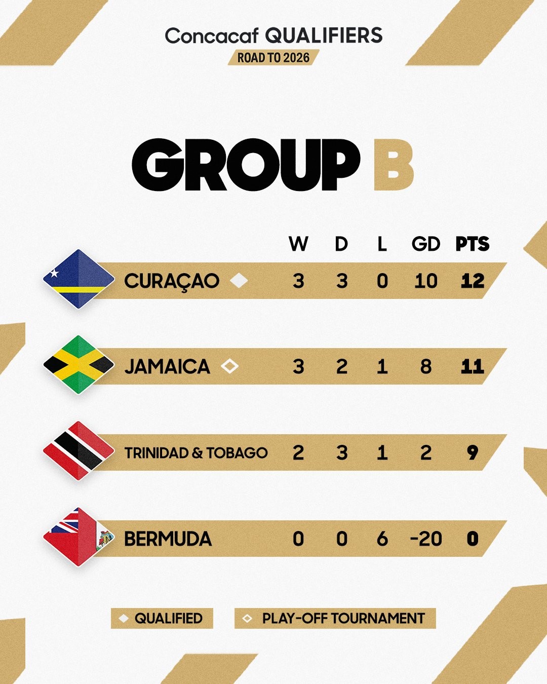 库拉索在中北美第二阶段小组赛四战全胜轻松晋级第三阶段,在分组时位列二档,并抽中了一档里世界排名最低的牙买加,同组还有特立尼达和多巴哥以及百慕大群岛,算是抽中了好签。库拉索两回合对阵特立尼达和多巴哥都没有赢下,但最关键的是,他们在第3轮2-0拿下了与牙买加的直接对话!
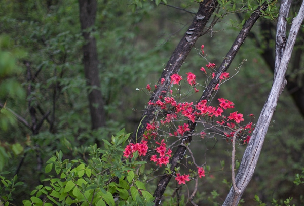 映山红扎根山野僻壤、恣意盛放的情景,随处可见,红的像火,炽烈如歌。艳而不媚,浓而不俗,像“星火”,毕剥着早春的静谧,点燃了山野的寂寞和冷清。
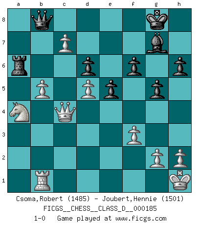 Last move : 1-0 2012 October 9 20:32:24 [Event "FICGS__CHESS__CLASS_D__000185"] [Site "FICGS"] [Date "2012.08.07"] [Round "1"] [White "Csoma,Robert"] [Black "Joubert,Hennie"] [Result "1-0"] [WhiteElo "1485"] [BlackElo "1501"] 1.Nf3 Nf6 2.c4 g6 3.Nc3 Bg7 4.d4 O-O 5.e4 d6 6.Be2 Nbd7 7.O-O e5 8.d5 Nc5 9.Qc2 Ne8 10.b4 Nd7 11.Bg5 f6 12.Bh4 g5 13.Bg3 Nb8 14.Bd3 Bg4 15.Nd2 Nd7 16.f3 Bh5 17.Bf2 h6 18.c5 a6 19.c6 bxc6 20.dxc6 Nb6 21.Bxb6 cxb6 22.Nd5 b5 23.a4 Bf7 24.axb5 Bxd5 25.exd5 Qb6+ 26.Kh1 Nc7 27.bxa6 Nxa6 28.Rxa6 Rxa6 29.Bxa6 Qxa6 30.Qc4 Qb6 31.Ne4 Qc7 32.b5 Rb8 33.Rb1 Rb6 34.Nc3 Qb8 35.Na4 Ra6 36.c7 1-0 Reti Opening Kingside Castling by player Black (move 4) Kingside Castling by player White (move 7) Player White won this chess game. Follow this game move after move (download)Every Chess master was once a beginner. (Chernev) Dieses schreckliche Gefühl, dass ich gegen eine Maschine spielte, die niemals Fehler macht, zerschmetterte meinen Widerstand. (Mark Taimanov) El Ajedrez es un juego terrible. Si no dominas el centro, tu oponente tiene una posición mas libre. Si tu tienes el centro, entonces realmente tienes algo de que preocuparte. (Siegbert Tarrasch) Lorsque vous vous retrouvez devant une position atroce, ne tendez pas un ultime piège dérisoire avec l'intention d'abandonner si l'adversaire le déjoue ! Faites-vous plutôt un devoir de résister comme si votre vie en dépendait. Jouez le coup qui vous déplairait au centuple si vous étiez dans la peau de votre tortionnaire ! Even the best needles are not sharp at both ends. (Chinese proverb)

________________________________________

Prompt → Copy the material above in full and exactly, skipping pictures.

Exercise solution →
 库拉索在中北美第二阶段小组赛四战全胜轻松晋级第三阶段,在分组时位列二档,并抽中了一档里世界排名最低的牙买加,同组还有特立尼达和多巴哥以及百慕大群岛,算是抽中了好签。库拉索两回合对阵特立尼达和多巴哥都没有赢下,但最关键的是,他们在第3轮2-0拿下了与牙买加的直接对话!
 映山红扎根山野僻壤、恣意盛放的情景,随处可见,红的像火,炽烈如歌。艳而不媚,浓而不俗,像“星火”,毕剥着早春的静谧,点燃了山野的寂寞和冷清。
 Last move : 1-0 2012 October 9 20:32:24 [Event "FICGS__CHESS__CLASS_D__000185"] [Site "FICGS"] [Date "2012.08.07"] [Round "1"] [White "Csoma,Robert"] [Black "Joubert,Hennie"] [Result "1-0"] [WhiteElo "1485"] [BlackElo "1501"] 1.Nf3 Nf6 2.c4 g6 3.Nc3 Bg7 4.d4 O-O 5.e4 d6 6.Be2 Nbd7 7.O-O e5 8.d5 Nc5 9.Qc2 Ne8 10.b4 Nd7 11.Bg5 f6 12.Bh4 g5 13.Bg3 Nb8 14.Bd3 Bg4 15.Nd2 Nd7 16.f3 Bh5 17.Bf2 h6 18.c5 a6 19.c6 bxc6 20.dxc6 Nb6 21.Bxb6 cxb6 22.Nd5 b5 23.a4 Bf7 24.axb5 Bxd5 25.exd5 Qb6+ 26.Kh1 Nc7 27.bxa6 Nxa6 28.Rxa6 Rxa6 29.Bxa6 Qxa6 30.Qc4 Qb6 31.Ne4 Qc7 32.b5 Rb8 33.Rb1 Rb6 34.Nc3 Qb8 35.Na4 Ra6 36.c7 1-0 Reti Opening Kingside Castling by player Black (move 4) Kingside Castling by player White (move 7) Player White won this chess game. Follow this game move after move (download)Every Chess master was once a beginner. (Chernev) Dieses schreckliche Gefühl, dass ich gegen eine Maschine spielte, die niemals Fehler macht, zerschmetterte meinen Widerstand. (Mark Taimanov) El Ajedrez es un juego terrible. Si no dominas el centro, tu oponente tiene una posición mas libre. Si tu tienes el centro, entonces realmente tienes algo de que preocuparte. (Siegbert Tarrasch) Lorsque vous vous retrouvez devant une position atroce, ne tendez pas un ultime piège dérisoire avec l'intention d'abandonner si l'adversaire le déjoue ! Faites-vous plutôt un devoir de résister comme si votre vie en dépendait. Jouez le coup qui vous déplairait au centuple si vous étiez dans la peau de votre tortionnaire ! Even the best needles are not sharp at both ends. (Chinese proverb)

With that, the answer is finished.